Another advocate was Amos Bronson Alcott, gentle,
visionary, and immovable, who is so well pictured in
the opening chapters of his daughter's Little Women.
The first thrill of all new movements leads to
extremes, and transcendentalism was no exception.
Freedom!
Reform! was the war-cry; and to those who were inclined
to act first and think afterwards, the new impulse
was merely an incitement to tear down the fences.
There were wild projects and fantastic schemes innumerable.
A sense of humor would have guided and controlled much of this
unbalanced enthusiasm; but it is only great men like
Lincoln who can see any fellowship between humor and
earnestness. The very people who were to profit by this
movement were the loudest laughers at these dreamers who gazed in
rapture upon the planets and sometimes stubbed their
toes against the pebbles. Nevertheless, the ripened
fruits of transcendentalism were in their degree like
those of the Renaissance; it widened the horizon and
it inspired men with courage to think for themselves
and to live their own lives. This atmosphere of freedom
had a noble effect upon literature. Two of the authors
of the New England group, the poet-philosopher Emerson
and the poet-naturalist Thoreau, were so imbued with
its spirit that in literary classifications they are
usually ranked as
the transcendentalists; and Hawthorne is often classed
with them, partly by virtue of a few months' connection
with a transcendental scheme, and even more because in
his romances the thought and the spirit are so much
more real than the deeds by which they are manifested
and symbolized.
§ 24. Ralph Waldo Emerson, 1803–1882
The poet-philosopher was one of five boys who lived with
their widowed mother in Boston. They were poor, for
clergymen do not amass fortunes, and their father had
been no exception to the rule. The famous First Church,
however, of which he had been in charge, did not forget
the family of their beloved minister. Now and then
other kind friends gave a bit of help. Once a cow was
lent them, and every morning the boys drove her down
Beacon Hill to pasture. In spite of their poverty it
never entered the mind of any member of the family that
the children could grow up without an education. Four
of the boys graduated at Harvard. The oldest son, who
was then a sedate gentleman of twenty, opened a school
for young ladies; and his brother Ralph, two years
younger, became his assistant. The evenings were free,
and the young man of eighteen was even then jotting
down the thoughts that he was to use many years later
in his essay, Compensation. He was a descendant
of eight generations of ministers, and there
seems to have been in his mind hardly a thought of
entering any other profession than the ministry. A
minister he became; but a few years later he told his
congregation frankly that his belief differed on one or
two points from theirs and it seemed to him best to
resign. They urged him to remain with them, but he did
not think it wise to do so.
A year later he went to Europe for his health. He
wanted to see three or four men rather than places, he
said. He met Coleridge and Wordsworth; and
then he sought out the lonely little farm of
Craigenputtock, the home of Carlyle. His coming
was "like the visit of an angel," said the Scotch
philosopher to Longfellow. The two men became friends,
and the friendship lasted as long as their lives.

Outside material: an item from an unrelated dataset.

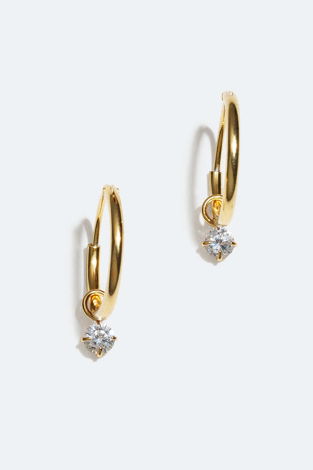 Hoops med glasstenar, förgyllda med 18K guld, 1 cm i gruppen Guldpläterat äkta silver / Guldpläterade örhängen hos Glitter (553000832000)

When Emerson came back to America, he made his home
in Concord, Massachusetts, but for a long while he was
almost as much at home on railroad trains and in
stages. Those were the times when people were eager to
hear from the lecture platform what the best thinkers
of the day could tell them. In 1837 Emerson delivered
at Harvard his Phi Beta Kappa address entitled The American Scholar;
and then for the first time the American people were told seriously and
with dignity that they must no longer listen to "the
courtly muses of Europe." "We will walk on our own
feet; we will work with our own hands; we will speak
our own minds," said Emerson. These last words were the
keynote of his message to the world. Whoever listens
may hear the voice of God, he declared; and for that
reason each person's individuality was sacred to him.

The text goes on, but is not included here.